如果有什么是他必须知道的,也只有尚恩会告诉自己。
『我在听。』
『那个人......被遣送回国了。』
他睁大眼睛,仔细理解尚恩话里每一个字的意思,他感到不可置信,那就是大家都避着他的理由吗?
『你在开什么玩笑?他杀了了茱莉!』
他大吼了起来,而尚恩只能苦笑。『你知道的......那是政治因素,遣送他回国换来的是......』
『我不管能换什么回来!是谁做的决定?你为什么不阻止他们?』
『......我没有办法......下决定的......是你父亲。』
他感到全身发冷,就像她在怀里慢慢失去温度的时候。他早该想到的,他早该知道他父亲不会为他死了妻子而哀悼,
就连他母亲过逝的时候,他连丧礼都来不及参加,却一句抱歉都没有。
『......你没有办法......你试过了吗?』
『......我......』
『你没有对不对?我父亲可以轻易说服你,要以大局为重对吧?将来要继承艾佛森家走向政坛的你,没有办法反驳我
父亲说的以政治立场为重。』
『......对不起......』
他笑了起来,这一切都如此的可笑,他父亲把杀了他妻子的凶手亲手放走,而他只能躺在这里什么也改变不了。

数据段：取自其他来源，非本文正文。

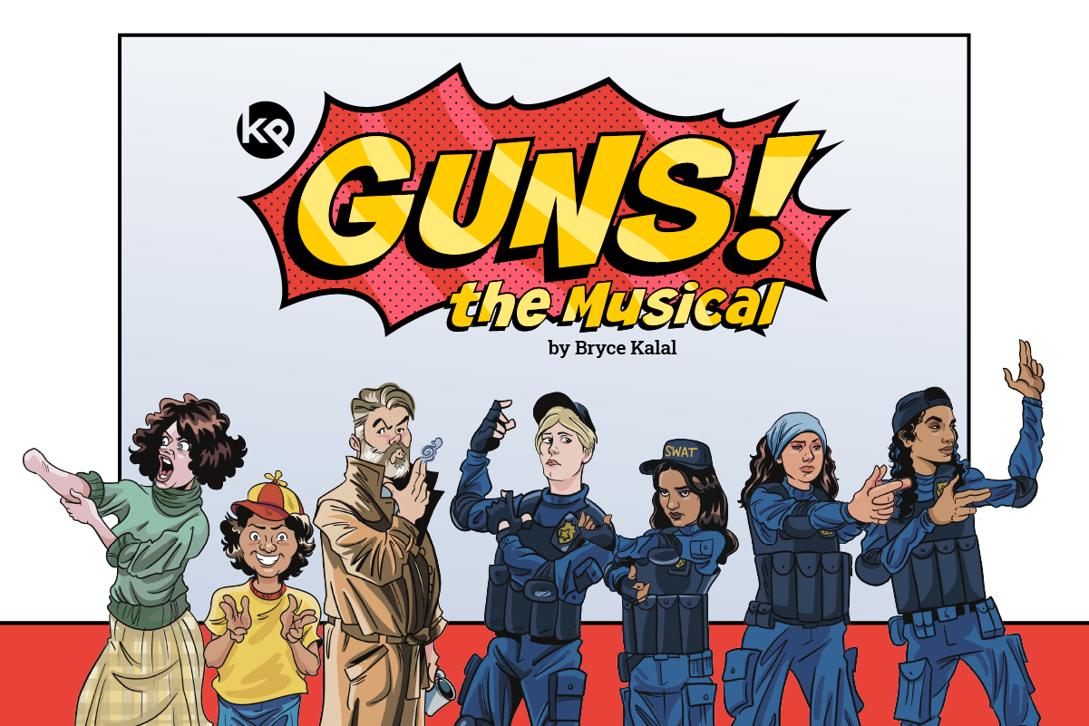 GUNS! the Musical is an over-the-top comedic rock musical that satirizes one of America's deadliest problems by making it the butt of every joke. There are no gun props nor gun sound effects—the cast use their fingers, bodies, and voices in a slapstick style reminiscent of vaudeville, commedia, and Looney Tunes. Audiences can expect stupid puns, outdated pop culture references, and more "pew pews" than you can point a finger gun at. Premiering July 31–August 10 at Theatre in the Round in Minneapolis during the Minnesota Fringe Festival.

『你没有对不起我,你对不起的是你自己,你失去的是能为你去死的好朋友。』
『......你别这么意气用事好吗?茱莉亚就像我妹妹一样,我们没有人希望这件事发生。』
『你连支持我都做不到,你还希望我什么反应?』
『......』
他拔掉身上插着的针管和贴片。他不敢相信自己居然躺在这里一个星期,等着他的好朋友来告诉他,他爸爸放走了杀
死他妻子的凶手。
『我不敢相信你有脸说茱莉就像你妹妹,今天要是被杀的是安妮塔,你会眼睁睁的看着我爸放走凶手?』
他看着他好友挣扎的脸色,突然明白为什么他父亲总是把机会都留给尚恩。他原以为那只是在避嫌,现在他明白了。
比起自己,尚恩像他父亲多了。
『给你身为朋友的最后一个忠告。』
他望着多年好友,冷笑了声。
『娶个你不爱的女人,这样你就不会感到痛苦,就像我爸一样。』
他头也不回的离开医院,他知道尚恩不会追上来。
回到家里,他轻轻打开门,幻想着她会像以往一样笑着冲出来抱住自己。
但是屋里只是一片宁静,他似乎还闻得到她烘烤点心的香气,和她爱用的乳液的味道。
走过客厅,桌上放着一支已经凋谢了的玫瑰花。
他记得她说过,桌上的信......
玫瑰花下压着张对摺的白纸,她说不要......不要什么?
不要忘记?
不要丢掉?
或是......不要打开?
他迟疑着,抽起那张白纸,慢慢的打开,她的字迹跳跃在纸上,她是那么的开心。
『哈罗~我想你又忘记今天是什么日子了,是结婚周年唷!也是我们第三年的首次约会记念日,反正你今天值夜班,
而且你一定会忘记,所以我先留了字条给你,结婚周年快乐!
然后......
我要给你一个惊喜~
本来想当面说的,不过我问过尚恩,他说我们大概三天都见不了面......所以......我还是先告诉你吧。再八个月你
就要做爸爸罗~
为我们开心吧,我爱你。
爱你的•茱莉。』
那封信随着乾枯的玫瑰花掉落在地上,他觉得呼吸困难。
伸手掩住脸,他无法克制的哭了起来。
他从来不知道什么感觉叫心碎,他现在却实实在在的感受到,他失去茱莉亚的同时,他的人生,他的世界也同时毁灭
。
那一天起,他没有再联络过尚恩。
直到一年后安妮塔出了事,他能不理会尚恩,却无法不理会半夜冲到他家投奔他的女孩。
那年她才十六岁,她哭肿了眼睛,脸色憔悴,夜夜无法人睡,身旁的人望着她的眼光都只有有同情与悲伤,她无法忍
受,几近崩溃,于是她逃出家里找上自己。
如同尚恩把茱莉当作妹妹一样,他也一直把安妮塔当成小妹,他收留了她两个月,
然后依照她的希望把她送到国外的疗养院去,出院后她去英国念完大学。
等到她再回来,已经是个漂亮健康又自信的小女人。
他跟尚恩唯一的连系,就是安妮塔。
他不知道能不能再相信他。
也许是自己的话产生了效果,尚恩始终没有结婚。他以为尚恩会娶个议员的女儿,或是任何对他政途有利的人选。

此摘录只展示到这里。